In this article
We walk through why splitting DR across EU and APAC makes more sense than stacking everything on a single hyperscaler, covering the data residency compliance case for Amsterdam and Singapore as DR sites, a practical architecture model using US primary with warm standby in both regions, the specific hardware available at each OpenMetal location, and what the fixed-cost model means for your replication budget when you stop paying per-gigabyte egress fees.
When your primary infrastructure sits in the US and your customers span Europe and Asia-Pacific, a single-region DR site creates a problem that most continuity plans don’t acknowledge until something goes wrong. A DR environment in a second US region protects you from datacenter failures. It doesn’t protect you from a regional cloud event that takes down your primary and your recovery site at the same time, and it doesn’t help you meet the growing list of EU and APAC data residency requirements that increasingly specify where recovery infrastructure must physically reside.
The architecture that actually solves this runs a US-based primary with warm standby capacity split between Amsterdam and Singapore. EU workloads and EU customer data replicate to Amsterdam. APAC workloads and APAC customer data replicate to Singapore. Both DR sites run on dedicated bare metal with predictable monthly pricing, which means your replication jobs and DR drills don’t generate variable egress bills on top of your infrastructure spend.

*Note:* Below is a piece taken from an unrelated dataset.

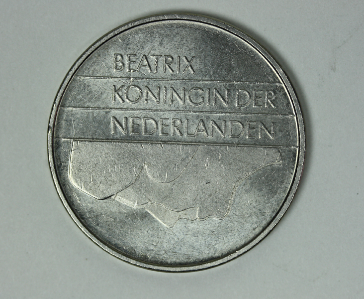 Rijksdaalder. Op de voorzijde een half portret van koningin Beatrix met naar links gewend gezicht. Op de keerzijde de waarde en het jaartal.

This post covers how to structure that architecture, what the compliance case is for each location, and what hardware is available at each site to support the workload profile you’re protecting.
Why a US-Primary Architecture Needs Both EU and APAC DR Sites
The obvious answer is geographic redundancy: if your US primary goes down, you want recovery capacity that isn’t dependent on US infrastructure. But the less obvious answer has more to do with compliance and latency than with outage scenarios.
GDPR gives EU residents specific rights over their personal data, and those rights extend to disaster recovery. If your EU customers’ data replicates to a US-based DR site, you’re transferring personal data outside the EU. That transfer requires either an adequacy decision covering the destination country, Standard Contractual Clauses, or another lawful transfer mechanism. In practice, this means many organizations need EU-resident DR for their EU workloads, not as a preference but as a requirement. As noted in recent analysis of the global data residency environment, data residency requirements create cascading compliance challenges where backup and disaster recovery plans need to respect localization boundaries.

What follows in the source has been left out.